Health care that supports the efforts of  each individual to clarify, pursue, and achieve their health-related goals. The most common health-related goal areas are:

1) Prevention of premature death and disability

2) Maintenance and enhancement of current quality of life

3) Optimization of personal growth and development

4) A good death. 

A foundational assumption of goal-directed health care is that the strategies derived from patient goals are likely to be more effective and efficient than those derived from problem-solving if the outcomes of interest are those that are meaningful to patients. 

Key Definitions:

  • Goal: A desired outcome that can stand on its own merits. That is, it makes little sense to ask, “so that ...?”

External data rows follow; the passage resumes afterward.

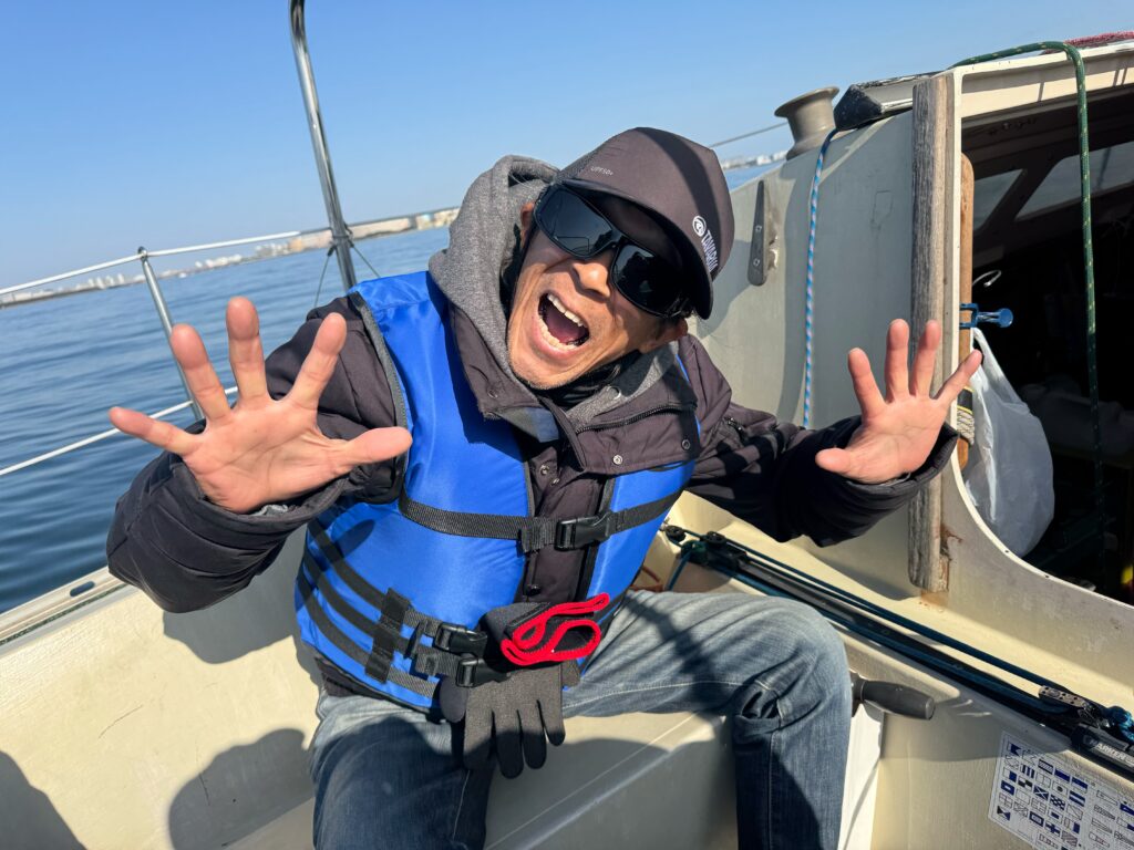 右舷側には水田さんに隣の船にぶつかりそうになった場合におさえてもらう役割を、スタンもやいはそえださん、バウもやいは私がもって着艇。玉木さんの見事なハンドリングとアクセルワークにより、もはやうまく動かないあほうどりを、桟橋ぎりぎりまでよせてもらい、あとはちょっとポンツーンまでジャンプが必要でしたが安全な範囲だったのでこれでキープ。
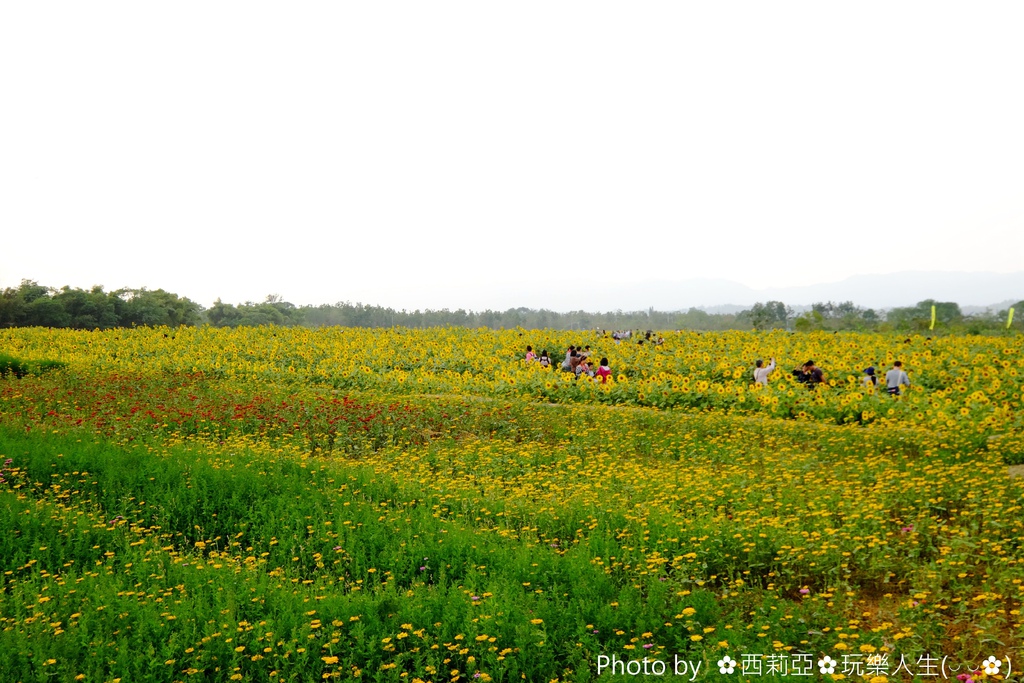 光眼前杉林大橋一旁的向日葵與波斯菊花田,就讓西姐一整個驚豔不已囉,因為賞花真的要靠運氣,瞧這金黃色向日葵......
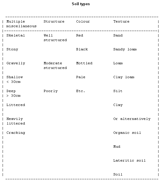 - Physiography (topographic position) e.g. mountain top, sea shore, lake, sand dune, alluvial plain.
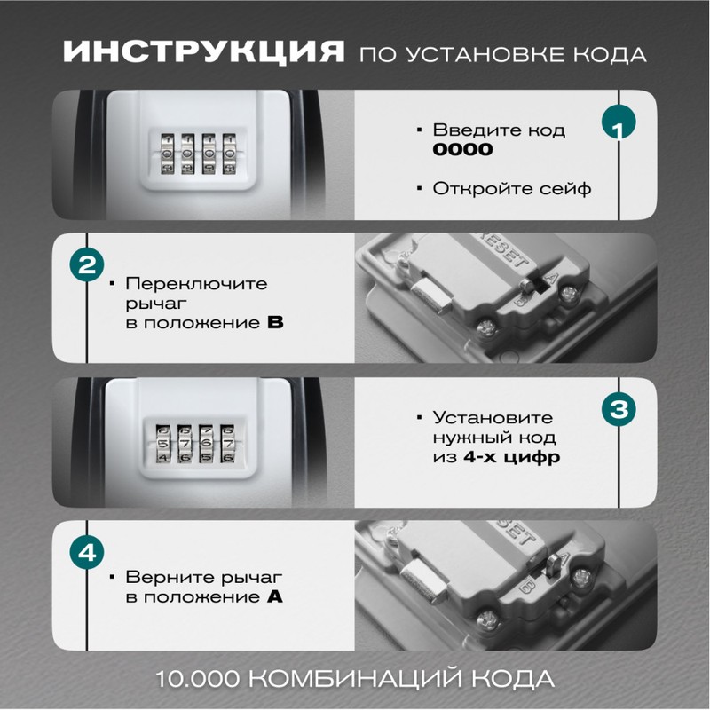 За безопасность содержимого отвечает механический замок с четырехзначным кодом, который предоставляет более 10 000 возможных комбинаций, поэтому вскрытие подбором практически невозможно. В отличие от электронных замков, механический не зависит от батареек и всегда готов к использованию.
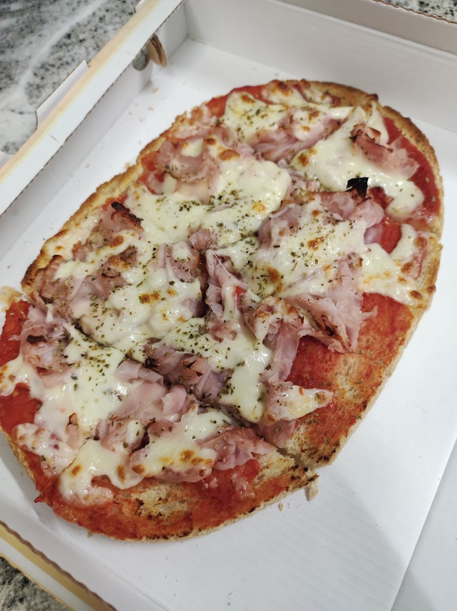 Pizza super gustosa, sottile e croccante, con possibilità di impasti speciali. Gentilezza e affabilità, servizio veloce e prezzi buoni. Il locale è principalmente d'asporto ma ha anche qualche tavolino per il servizio in loco e proprio per questo la mancanza del bagno mi sembra da segnalare, l'avrei gradito anche solo per potermi lavare la mani.
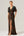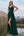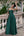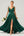 Vestido de dama de honor con cuello de satén verde oscuro con abertura
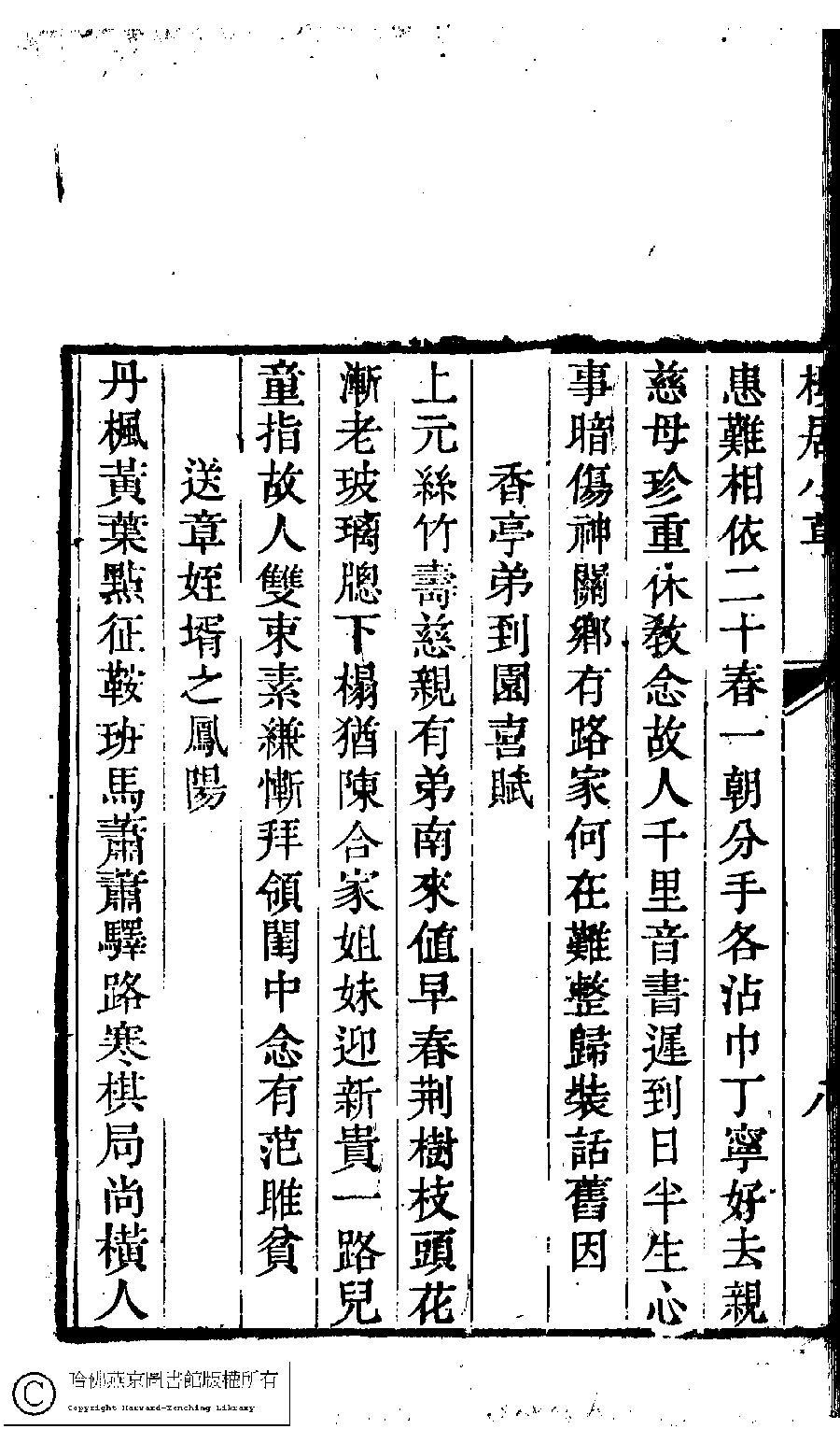| (PRINT FRIENDLY VERSION) 樓居小草﹕一卷(清袁杼撰)。清嘉慶間(1796-1820)刻本。 ![]() Page : 8b | click for larger image | 樓居小草﹕一卷(清袁杼撰)。清嘉慶間(1796-1820)刻本。![]() Page : 8a | click for larger image | Back |
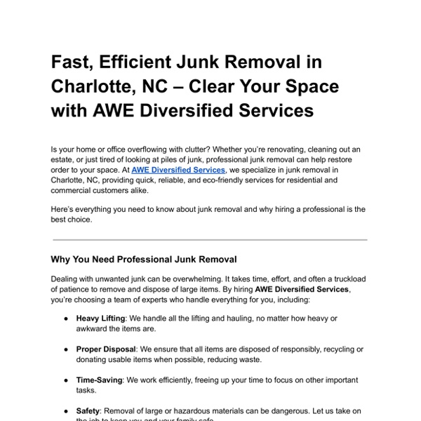 Fast Efficient Junk Removal in Charlotte NC Clear Your Space with AWE Diversified Services.pdf

  • Objective: A measurable step along the path toward a goal.

  • Strategy: A way to reach the objectives and ultimately achieve a goal. [For example, my 90-year-old mother does balance and leg-strengthening exercises (strategy), in order to be able to walk safely without her walker (objective), so that she can go outside and take care of her plants (her goal).]

  • Obstacle: Anything that gets in the way of the achievement of a goal.

  • Challenge: An optimistic way to think about an obstacle.

  • Opportunity: An even more optimistic way to view an obstacle.

  • Threshold Principle: The idea that nearly all health challenges are the result of combinations of factors, and that, in each case, a threshold exists above which that combination of factors becomes a significant obstacle to achieving a health goal.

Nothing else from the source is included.